Their lives were spent in wide-open Colorado countryside, the Ekeler family home a bumpy drive from a town too small to grasp the weight of NFL dreams.

Austin and Wyett Ekeler grew up seven years apart, but accustomed to the same lifestyle in Eaton. They played catch outdoors, indoors. They fished for bass. They rode horses and watched others ride bulls. They wrestled. Austin usually won.

Football, more so, was an afterthought. There were no high expectations, as Austin put it, that he’d ever make the NFL. He was 5-foot-5 as a freshman at Eaton High and a zero-star recruit out of high school. Yet he simply continued to step into opportunity when it drifted across his doorstep.

Years into Austin’s NFL career, now an All-Pro returner with the Washington Commanders, younger brother Wyett is trying to walk the same path. Both went undrafted: Austin, a running back out of Western Colorado in 2017, Wyett, a safety out of Wyoming in 2025. Across the past month and a half training together in Virginia, Austin has given his brother the same advice a coach once told him: Don’t let it be something you didn’t do that caused you to fail.

This weekend, Wyett will have the chance to crack the Broncos’ roster at Denver’s rookie minicamp, some hundred miles from that house back in Eaton.

“That would definitely be an epic, kind of fairytale story,” Austin told The Denver Post.

Wyett got more shine than his older brother out of high school, running for 22 touchdowns his senior year as a two-way star at Windsor High. After starting for three years at Wyoming, he’ll have an uphill climb to cracking Denver’s roster due to the Broncos’ depth in the secondary.

But his brother made a way before him. And before Wyett left for Denver on Thursday morning, Austin gave him a final word of resolve: “You’re ready.”

“I really just want to show these guys,” Wyett said, “that I’m here to play.”

A host of Colorado natives beyond the younger Ekeler are looking to find a home with the Broncos this weekend, as Denver hosts its rookie minicamp from May 9-11. In addition to a first look at drafted rookies like Jahdae Barron, RJ Harvey and Pat Bryant, it’s a chance for the Broncos to take a long look at some local talent that slipped through the cracks.

Colorado State safety Henry Blackburn is one of the most recognizable faces invited — a longtime leader in the Rams’ secondary and prolific tackler. Blackburn told the Post he’s been training in Nashville, where he’s been getting a special-teams education from former CSU and Tennessee Titans punter Ryan Stonehouse.

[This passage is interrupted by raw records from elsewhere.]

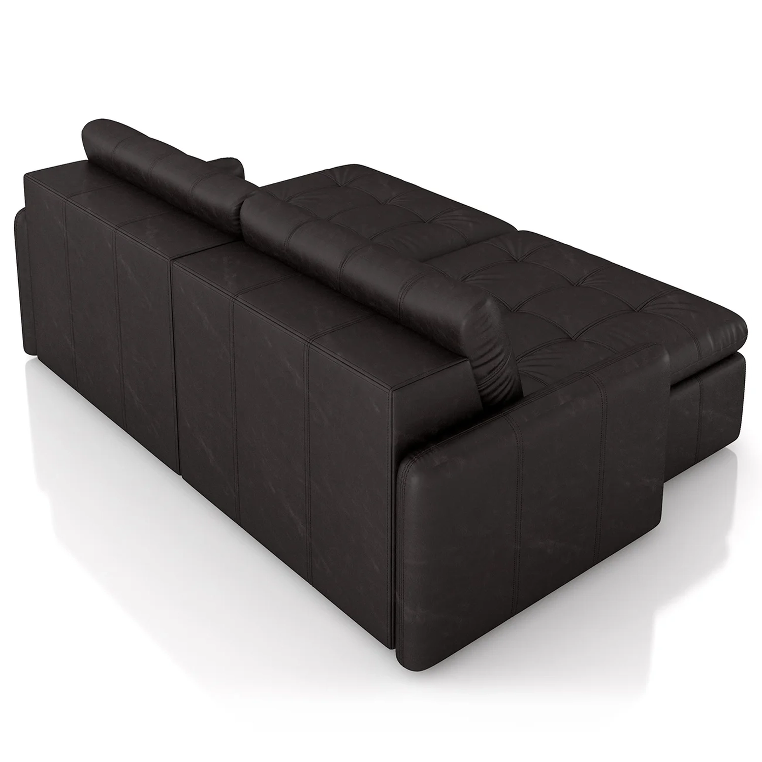 O assento retrátil do Sofá de Couro oferece mais espaço para relaxar com conforto absoluto. As almofadas soltas com fibra de silicone garantem apoio ergonômico e toque suave. Já a base em espuma HR 26 com percintas trançadas com alongadores metálicos une firmeza e flexibilidade no uso diário.
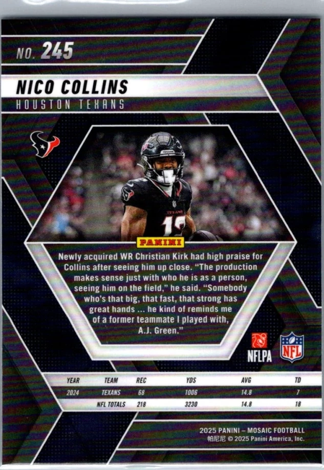 This is a nice example of a 2025 Panini Mosaic #245 Nico Collins
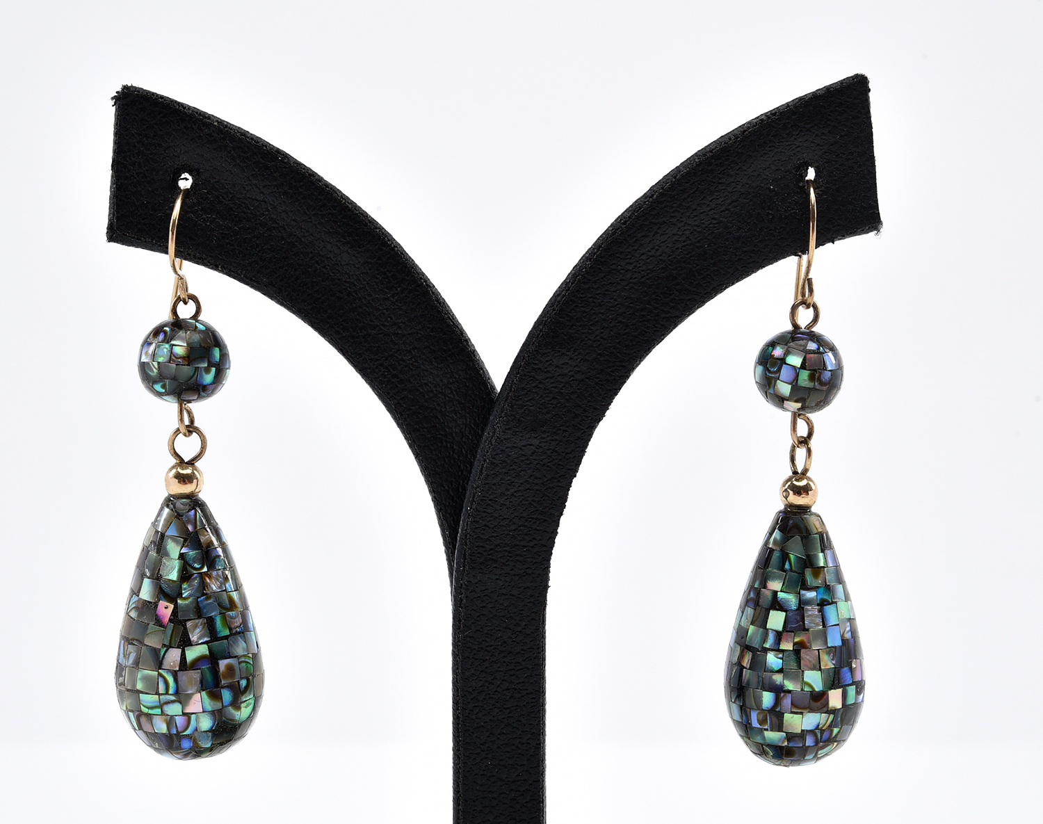 A PAIR OF MOTHER OF PEARL AND PAUA SHELL DROP EARRINGS IN 10CT GOLD
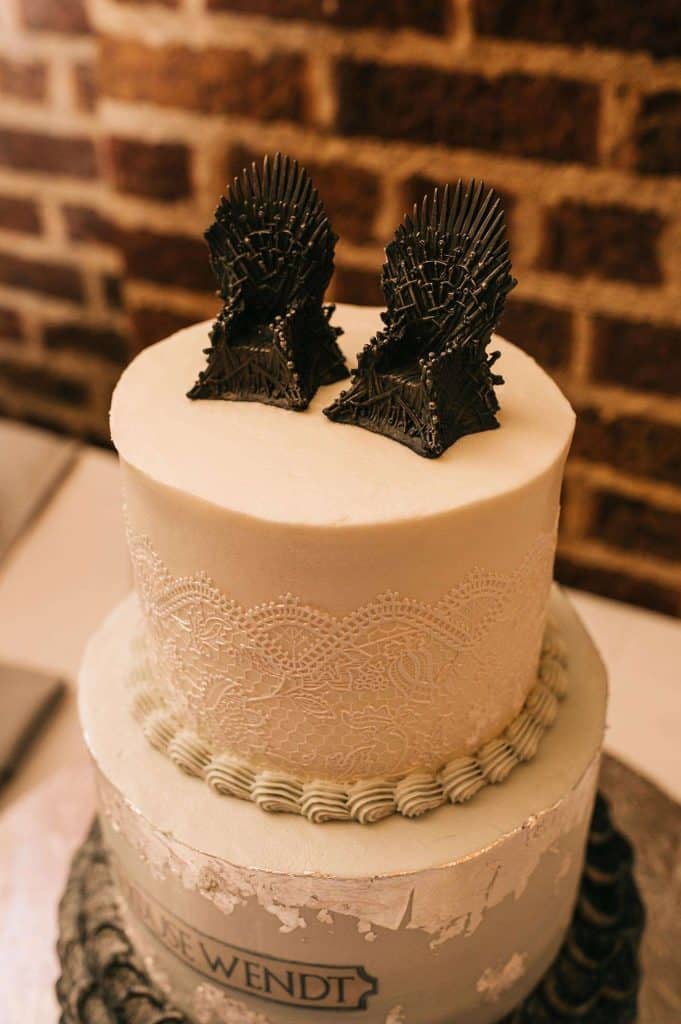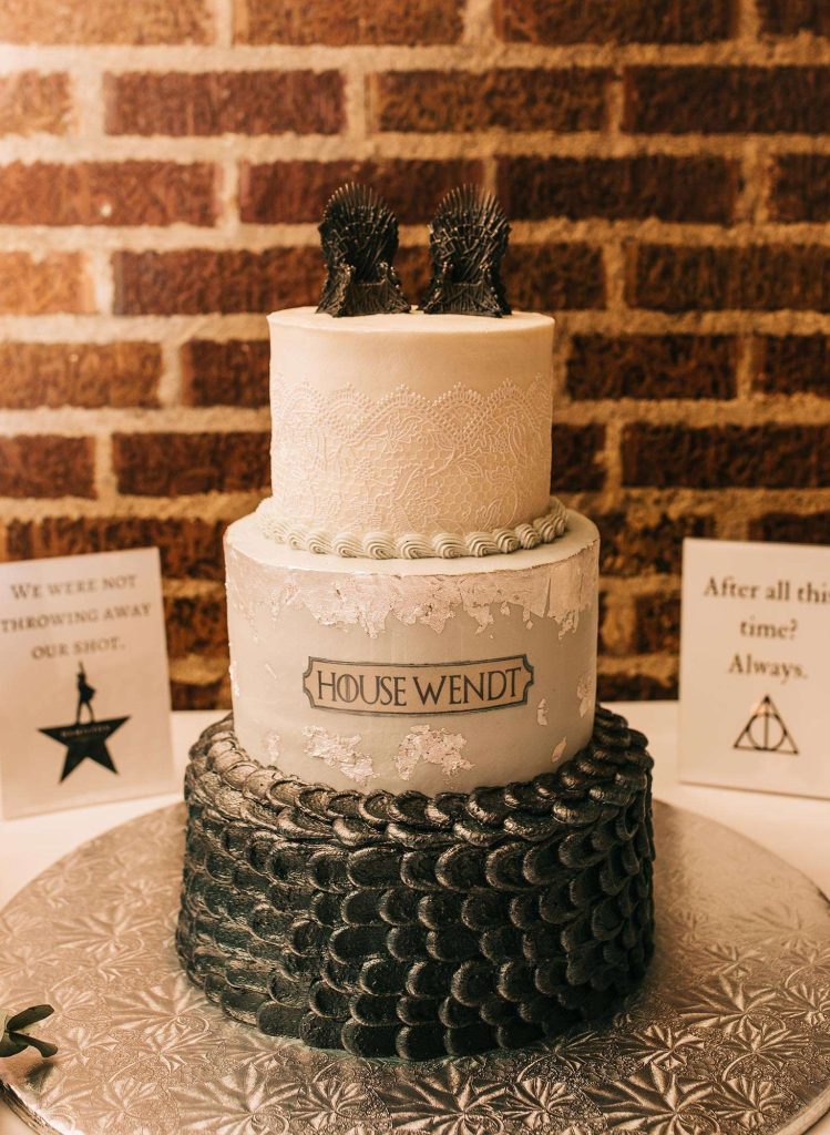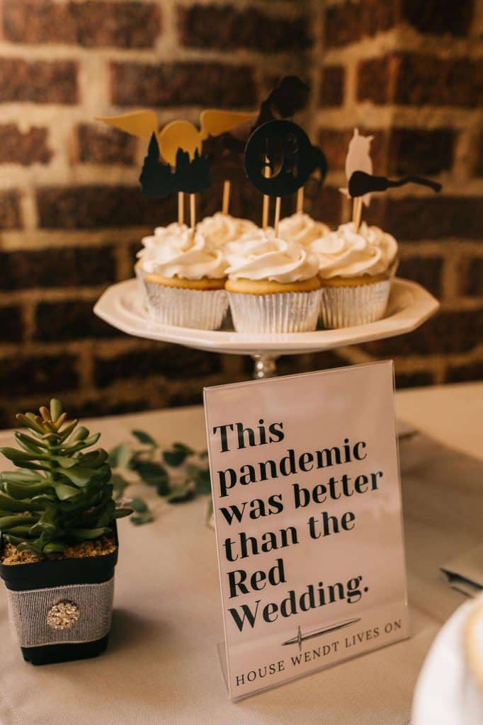 For dessert, Ryanne and Brayden went all out with fun favorites. “We had a Game of Thrones cake with two iron thrones up top—because a pandemic was better than a Red Wedding! We had Harry Potter cupcakes because we made ‘The Unbreakable Vow.’ We also had Hamilton-themed cookies and cheesecake.”

After a tumultuous college career that included an infamous hit on CU’s Travis Hunter in the 2023 Rocky Mountain Showdown — and subsequent peacemaking — Blackburn will have an opportunity to continue a Colorado journey that began at Boulder’s Fairview High.

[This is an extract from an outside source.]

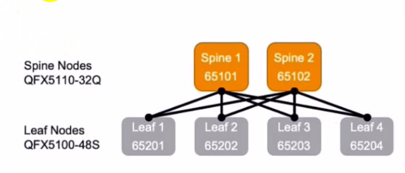 -- Each leaf node has (1) 40GbE interface to each of the 2 spine nodes
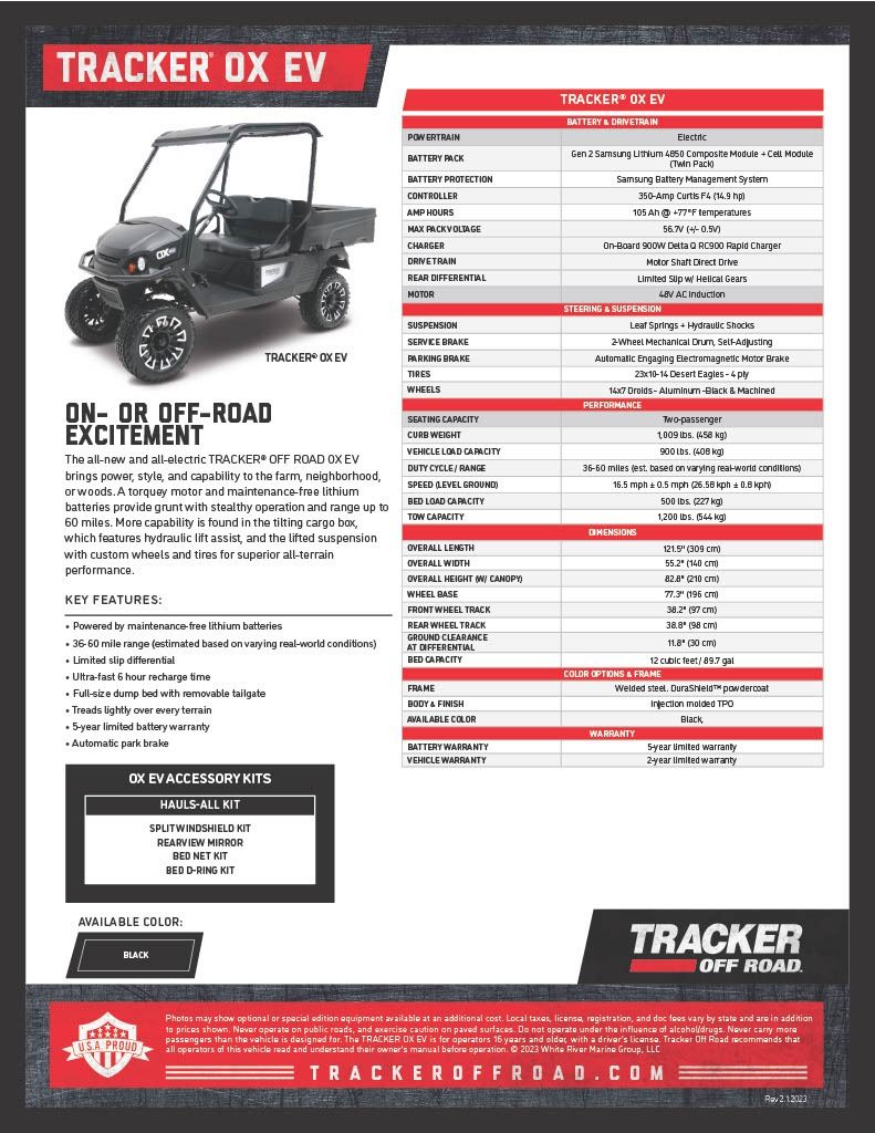 The all-new and all-electric TRACKER® OFF ROAD OX EV

“It’s just the greatest blessing that I could’ve ever asked for,” Blackburn said of the Broncos’ minicamp invite.

Former CU defensive lineman Shane Cokes and offensive lineman Justin Mayers will also be at camp, along with CSU Pueblo products Makeah Scippio and Taylor Tosches.

One-time CSU lineman Cameron Cooper, the son of former Broncos OL Mark Cooper, is another name to watch.

Veterans at camp

Former Falcons quarterback Desmond Ridder, a 2022 third-round pick, was reportedly set to join minicamp as a veteran tryout but will no longer be reporting, sources told The Post.

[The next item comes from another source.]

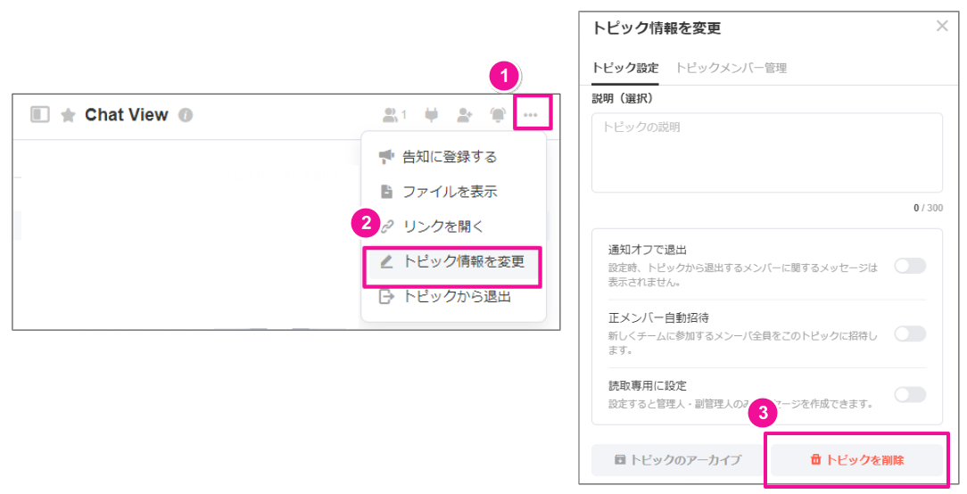トピック削除方法:トピックの右上にある[...]をクリック > [トピック情報を変更] >[トピック削除]
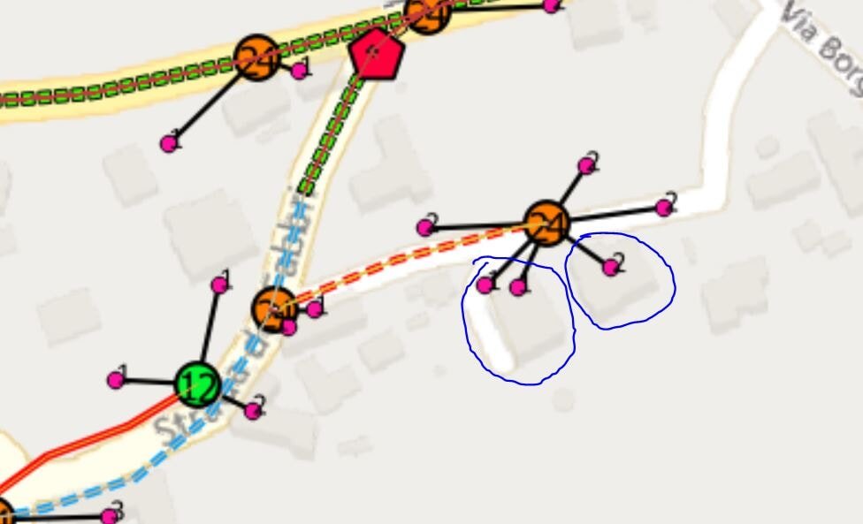 Questo è il progetto esecutivo che mi è stato inviato da Infratel, le case sono cerchiate in blu e il pallino arancione sulla strada privata con i vari collegamenti dovrebbe essere il PTA:

That leaves former Cincinnati Bengals back Chris Evans as the most prominent veteran name to swing through Denver this weekend.

The 2021 sixth-round pick missed all of 2024 with a torn patellar tendon. Sean Payton loves gadget backs, and Evans has some ability to flash out of the backfield with 15 catches in ‘21.

Undrafted rookies to watch

Denver is currently carrying 70 players under contract (really 71, but tight end Thomas Yassmin has an international exception), with seven draftees and 15 undrafted free agents. If they all signed, that’d bring them to 92 on the active roster, over the NFL’s offseason limit of 90. Either the club will need to make cuts or forgo inking a couple of the UDFAs from this class. Mizzou’s Johnny Walker Jr. is perhaps the most proven name of that preferred free-agent group. He’s a slightly undersized edge with a great motor who finished fourth in the SEC in sacks in 2024. The most intriguing sleeper of all: receiver Joaquin Davis, who was barely on the NFL radar before busting out at the HBCU combine in February. He’s 6-foot-4, has 4.4 speed and a 40-inch-plus vertical, the exact type of raw-talent flier that Payton loves.